Reliability, Availability, Serviceability
One of the other major points emphasized in Dr. McCredie’s presentation was the emphasis on reliability, availability and serviceability. For IBM, this is an essential component. IBM currrently ships the POWER5 in some of their storage products, and it is expected that the POWER6 will be used similarly*. Of course, the POWER6 will also be used as the CPU for their midrange System i nee AS/400.
The POWER6 uses a check point system to preserve correctness and gracefully correct and tolerate failures. This entails a recovery unit, an error logger and a restart mechanism. The processor state is stored in the recovery unit and protected with ECC. Any action that can cause a state change, such as a register or cache write, is inspected for parity and/or ECC failures. In the case of correctable errors (or no errors), the changes can be committed into the processor state normally. A non-correctable error, such as an array parity or control failure, triggers the logger to record the type of error and then restart execution from the known good state. At this point, any transient errors should resolve correctly. An error which recurs is then escalated and the known good state is transferred to another CPU, which then starts execution. This will transparently catch any hard errors that are isolated to a single processor, but further problems will likely require software intervention. On top of these MPU oriented improvements, there are also the previously mentioned system changes that will improve RAS.
On the management side, IBM is also improving their virtualization capabilities in the POWER6. In particular products, a single processor may be able to host 2-300 virtual instances, although theoretically up to 1024 VMs are possible. Memory partitioning and migration have been added as well, which reduces system down time for repairs. IBM will also enable Power Executive management tools for new systems based on the POWER6. Power Executive was recently demonstrated at Intel’s Developer Forum and is a management tool for dealing with measuring power, system health and using this information to make policy decisions such as shutting down unneeded fans or capping power consumption.
Conclusion
IBM’s POWER6 based systems are aiming for general availability in mid 2007, somewhat later than previous roadmaps and public statements indicated. This would put the POWER6 initially up against Intel’s Montvale, and the joint Sun and Fujitsu APL, presumably based on the SPARC64-VI. On the x86 side, the contemporaries would be Intel’s Tigerton, and AMD’s Rev. H, both quad core designs.
IBM is claiming a factor of two performance increase, which would be consistent with the vastly higher clockspeeds and increases in raw system bandwidth. Assuming proper execution on IBM’s behalf, they will have a very strong competitive position come next year. The only real challenges to IBM’s current performance leadership would come in 2008, when both Sun’s massively multithreaded Rock and Intel’s long awaited Tukwila arrive. IBM’s roadmaps currently include the POWER6+, which is presumably a 45nm derivative product. Judging by past practices, the POWER6+ will debut in the second half of 2008, probably just in time to dash the hopes of rivals.

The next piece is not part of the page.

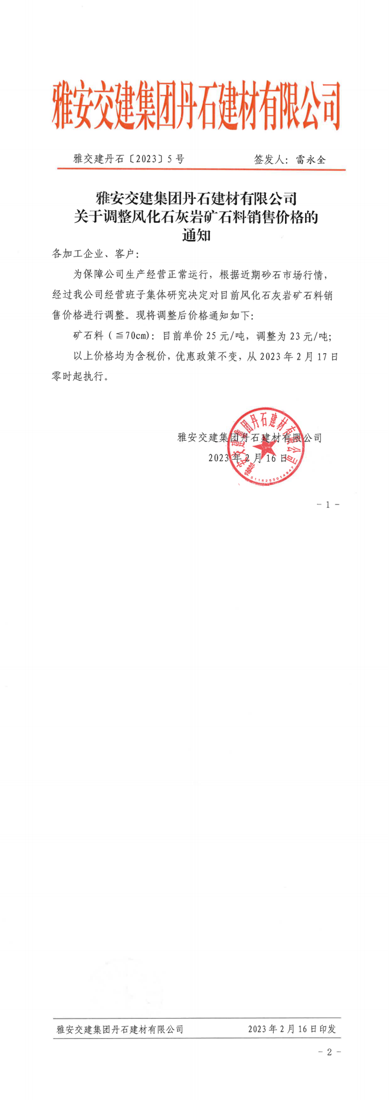 雅交建丹石(2023)5號(hào)調(diào)整風(fēng)化石灰?guī)r礦料銷(xiāo)售價(jià)格的通知(2023.02.16)

One thing is clear though; IBM has found a lever that they can use to defer the inexorable growth of x86 MPUs; exotic packaging and system bandwidth. It is readily apparent that commodity devices cannot afford such extravagances, and cannot match the impressive system architecture that IBM’s strategy hinges on.
* A correction was made to this article; POWER5 processors are not used in any mainframes, but are in storage products.